Шурочка вздрогнула и оглянулась вокруг. Сотрудники уже почти все покинули кабинет Тимура Георгиевича. Она не слышала ничего, о чём говорилось на совещании, а ведь наверняка там были и её вопросы, поскольку на совещания шеф приглашал только необходимых людей.
– Ну! – подстегнул Шурочку шеф, глядя исподлобья.
Шурочка совершенно не представляла, что от неё ожидает услышать босс. В измученную тревогой за родных голову никакие спасительные идеи не приходили, и она решила признаться честно, что отвлеклась на домашние проблемы.
– Простите, Тимур Георгиевич. Отвлеклась. Больше этого не повторится.
– И?
Что подразумевал шеф под вопросительным «и», Шурочка не поняла, да и не было у неё сил разгадывать ребусы начальника, она застыла между желанием уйти, чтобы расплакаться уже за дверью, и настоятельной потребностью разреветься здесь же.
– Я тебя слушаю, – как-то неожиданно мягко произнёс Тимур Германович, и Шурочку прорвало.

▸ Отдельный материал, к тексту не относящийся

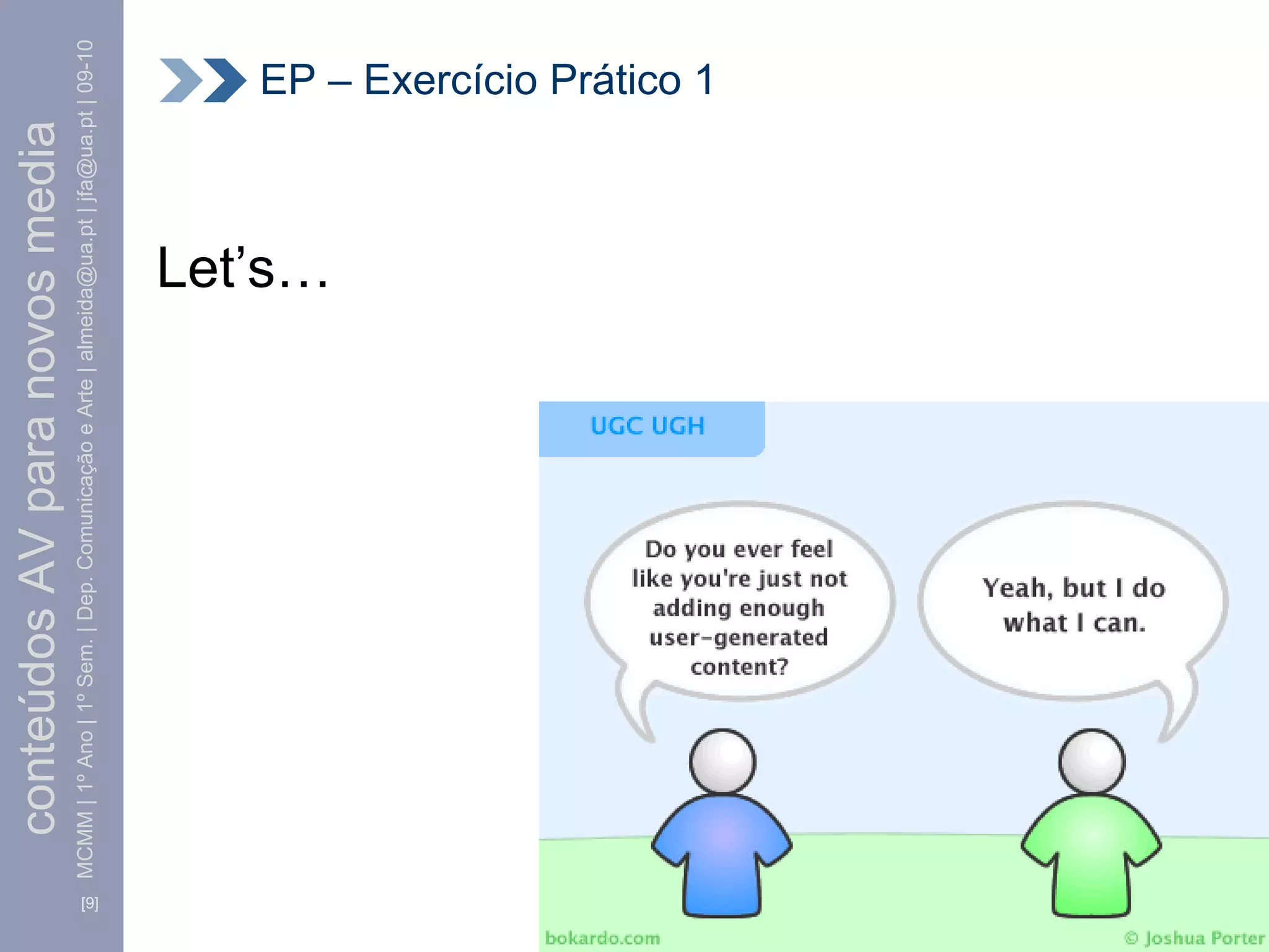 MCMM | 1ºAno | 1º Sem. | Dep. Comunicação e Arte | almeida@ua.pt | jfa@ua.pt | 09-10 EP – Exercício Prático 1
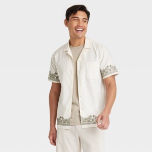 Men's Short Sleeve Embroidered Button-Down Shirt - Goodfellow & Co™ Cream - 1 of 3
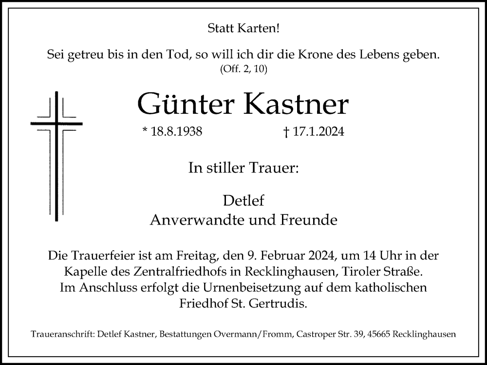 Hier finden Sie alle Traueranzeigen aus der Zeitung, die bisher für Günter Kastner erschienen sind. Weitere Traueranzeigen, die in der Zeitung erscheinen, werden hier ebenfalls aufgelistet
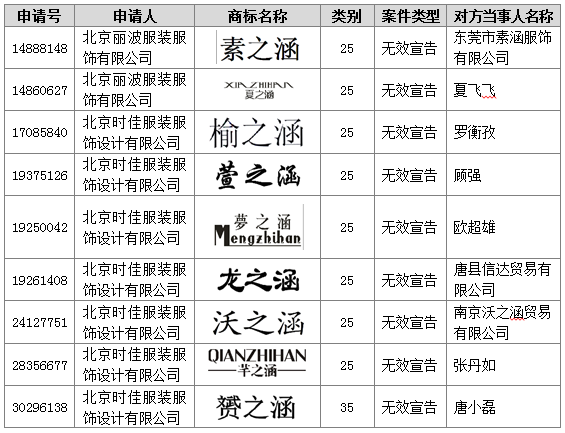 “之涵”為北京時佳服裝服飾設(shè)計有限公司所獨創(chuàng)的品牌,其使用在“服裝”等商品上,該品牌早在2014年1月28日即申請注冊為商標(biāo),并且于2015年3月14日獲得注冊。并且,經(jīng)過時佳公司的大量使用,該品牌已經(jīng)獲得了一定的知名度。尤其是,時佳公司極為注重品牌的保護,針對包含“之涵”的商標(biāo)積極地提出異議或者無效宣告。在大量的無效宣告裁定中,國家知識產(chǎn)權(quán)局均判定“之涵X”或者“X之涵”的商標(biāo)與時佳公司的“之涵”引證商標(biāo)近似。在先案例部分列舉如下:
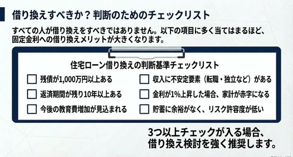 借り換えメリットが大きいケースは、残債1,000万円以上、残期間10年以上が目安です。
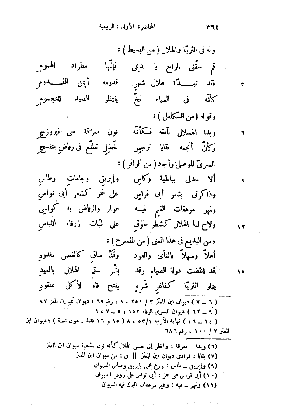 (1) ديوان ابن المعتز 3/ 251،1، رقم 67؛ ديوان تميم بن المعز 87
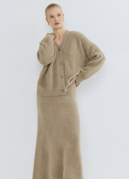 Трикотажная юбка из пушистой пряжи, Коричневый
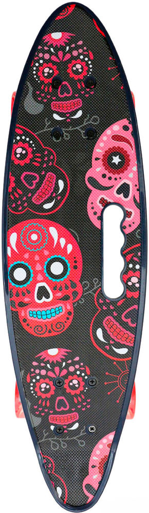 Скейтборд, детский, дека: пластик, длина 23 , ширина 7 , до 50 кг, подшипник ABEC 5, черный, розовый, цветной принт.
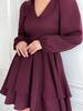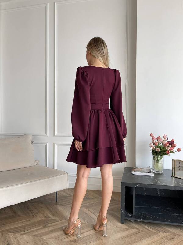 Модель має акуратний V-подібний виріз, довгі об’ємні рукави з м’якими манжетами та виразну двошарову спідницю, яка створює легкий, повітряний силует.
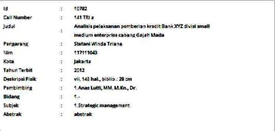Triana, Stefani Winda (2012) Analisis pelaksanan pemberian kredit Bank XYZ divisi small medium enterprise cabang Gajah Mada. Masters thesis, Universitas Tarumanagara.
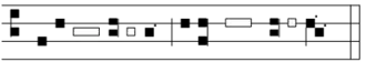 - Ou à la paire C-B (fa la) puis à des formules triples en ré mineur, typiquement accompagnées par des formules type du premier mode.
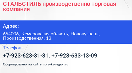 СТАЛЬСТИЛЬ, производственно-торговая компания по адресу 654006, Кемеровская область, Новокузнецк, Производственная, 13 в дальнейшем Организация, размещена в следующих категориях:
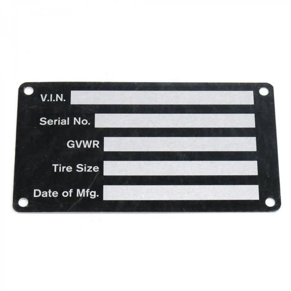 This anodized aluminum VIN plate with metallic finish is the perfect touch to any dash. Comes in black and silver. Tag your custom trailer. truck or equipment! Great for replacing lost. damaged or just hard to read identification plates. These tags meet inspection requirements for DMV. DOT. FMCSA. RRC. ICC and FMVSS. Let others know who is the proud owner. Personalize the blank fields to create a truly custom piece of art. This VIN name plate is 3.75 inches wide by 2.125 inches tall and is .5mm thick. It includes 3.5mm rivet holes in each corner for easy mounting. Fits all vehicles. Vintage Restoration Parts let you drive with the look of yesterday while delivering the performance of today's technology.FeaturesVIN Plate for Trailers. Trucks & EquipmentExpertly crafted from superior materialsProvide superior durabilityCompatibility:Trailers. Trucks & EquipmentSpecificationsWeight: 0.1 lbs
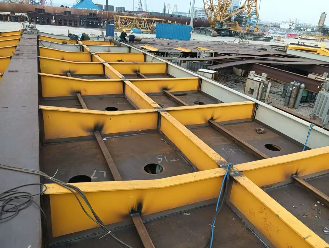 华电阳江三山岛六海上风电项目位于广东省阳江市南侧海域,其年设计发电量高达16亿千瓦时。阳江公司此次承接沉桩定位架建造项目,是一款专为钢管桩沉桩施工量身打造的施工设备,以其精准定位能力,成为桩基施工准确性与安全性的关键。它能够依据精密的设计参数,将桩体丝毫不差地安置于预定位置,为整个海上风电场的稳固基础奠定了坚实的基础。

Может быть, он имел в виду услышать что-то про работу, но Шурочка вывалила ему про Наденьку, Олесю, Тараса, про непробиваемых украинских пограничников, про отчаянье, которое она испытывает из-за своей беспомощности. И, всё-таки, разревелась.
Тимур Георгиевич, не обращая внимания на её истерику, выслушал заплетающуюся речь до конца, дождался окончания рыданий и отпустил с напутствием заняться своими прямыми служебными обязанностями. Он ничего не пообещал Шурочке, не успокоил, но, как ни странно, её отпустило внутреннее напряжение. Она взяла себя в руки и даже смогла немного поработать.
За ночь возникли новые идеи, куда можно бы было обратиться за помощью, а ещё, вопреки логике, затеплилась надежда, что шеф поможет. Но ничего не происходило, и к вечеру пятницы в животе Шурочки опять начал завязываться тугой узел безысходности. От нервов её начало подташнивать, поднялась температура.
А ночью Шурочку разбудил звонок телефона. Она спросонья никак не могла отыскать источник звука, а когда выудила, наконец, сотовый из сумочки, услышала на том конце провода приглушённый голос брата:
– Мы уже в России. Боялись звонить тебе раньше, чтобы не сглазить. Спасибо, сестрёнка!
4
В понедельник Шурочка летела на работу, как на крыльях.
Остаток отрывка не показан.